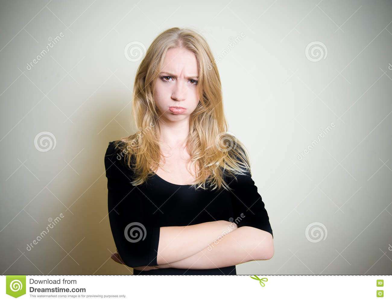 young-blonde-woman-angry-sullen-portrait-attractive-looking-camera-face-expression-sulky-offended-peevish-clear-wall-79432741
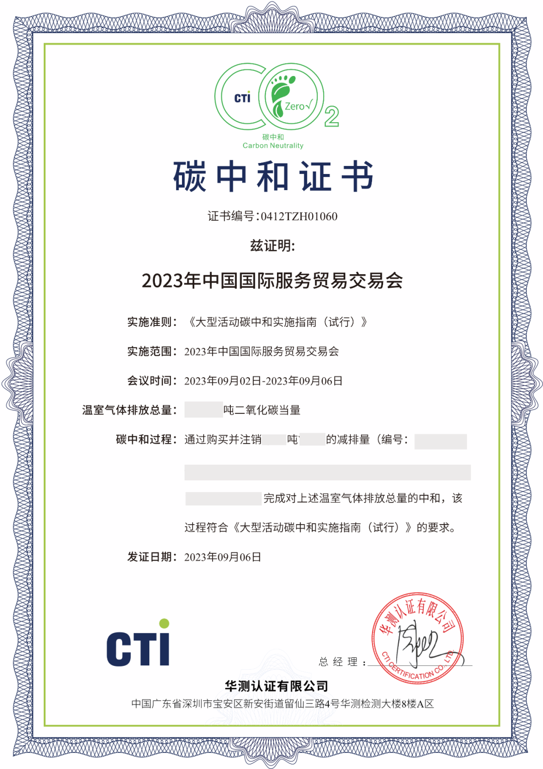 2023年9月6日,以“开放引领发展,合作共赢未来”为主题的2023年“中国国际服务贸易交易会”在北京圆满闭幕。CTI华测认证为此次服贸会颁发碳中和证书。
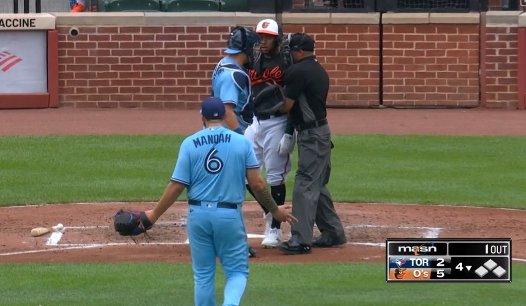 Once things settled, umpire Roberto Ortiz tossed Manoah. The decision to do so without prior warning allowed Baltimore a chance to respond in kind—there is zero chance that Ortiz will ever reveal whether this was intentional—which did not end up happening. Given Montoyo’s verbal combativeness during the dustup, this actually comes as something of a surprise.

------------------------------

▶ **Action item**:
Repeat the data word for word; drop the pictures.

▶ **Solved problem**:
 young-blonde-woman-angry-sullen-portrait-attractive-looking-camera-face-expression-sulky-offended-peevish-clear-wall-79432741
 2023年9月6日,以“开放引领发展,合作共赢未来”为主题的2023年“中国国际服务贸易交易会”在北京圆满闭幕。CTI华测认证为此次服贸会颁发碳中和证书。
 Once things settled, umpire Roberto Ortiz tossed Manoah. The decision to do so without prior warning allowed Baltimore a chance to respond in kind—there is zero chance that Ortiz will ever reveal whether this was intentional—which did not end up happening. Given Montoyo’s verbal combativeness during the dustup, this actually comes as something of a surprise.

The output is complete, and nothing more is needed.